Solution #1: AC in 0.8 sec
Just calculate sum using Gauss's method.
Int[-1..1] f(x)dx ~= (5*f(-sqrt(3/5)) + 8*f(0) + 5*f(+sqrt(3/5))) / 9
Number of parts, N = (int)7e6
Length of part number i = (1e-4)*koef^i, where koef = 1 + x/N. Try some different x = 0.1 ... 10, and get AC =)
Solution #2: WA 11 on MSVC or AC on Java, Pascal, GNU C++
http://en.wikipedia.org/wiki/Residue_theorem says that we have to find all complex roots of the polynom.
I do not like exact formulas for degree 3 and 4.
There is numerical way to find all complex roots for any degree of polynom.

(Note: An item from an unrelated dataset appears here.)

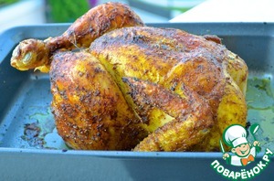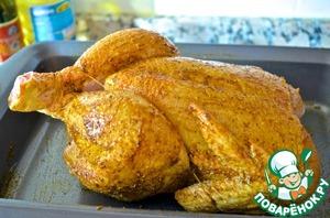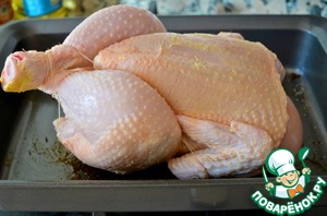 4. Запекать в духовке при температуре 200 градусов 45 – 60 минут в зависимости от размера курицы и особенности вашей духовки.

Just take point z = (0,0) and shift it to any direction in such a way that |P(z+shift)| < |P(z)|. Shift it while |P(z)| > eps. Now z is a root. This method works not only for polynoms, it works even for arbitrary "holomorphic function" (see Complex Analysis). Prove is smth like this
http://en.wikipedia.org/wiki/Maximum_modulus_principle The only thing that I need now -- to calculate f(z) for any complex z.
And using only "double" of Microsoft Visual C++ I can't. I have no enough precision and get WA 11 =(
Using BigDecimal (java), extended (pascal) or long double (GNU C/C++) this method gets AC (the task is from Petrozavodsk, so I have original tests).
P.S. 2 Admins: Ну сколько можно добавлять задачки с контестов, где у С++ программистов был под рукой long double, и это было важно. Даешь GNU C/C++!
Edited by author 27.10.2012 08:08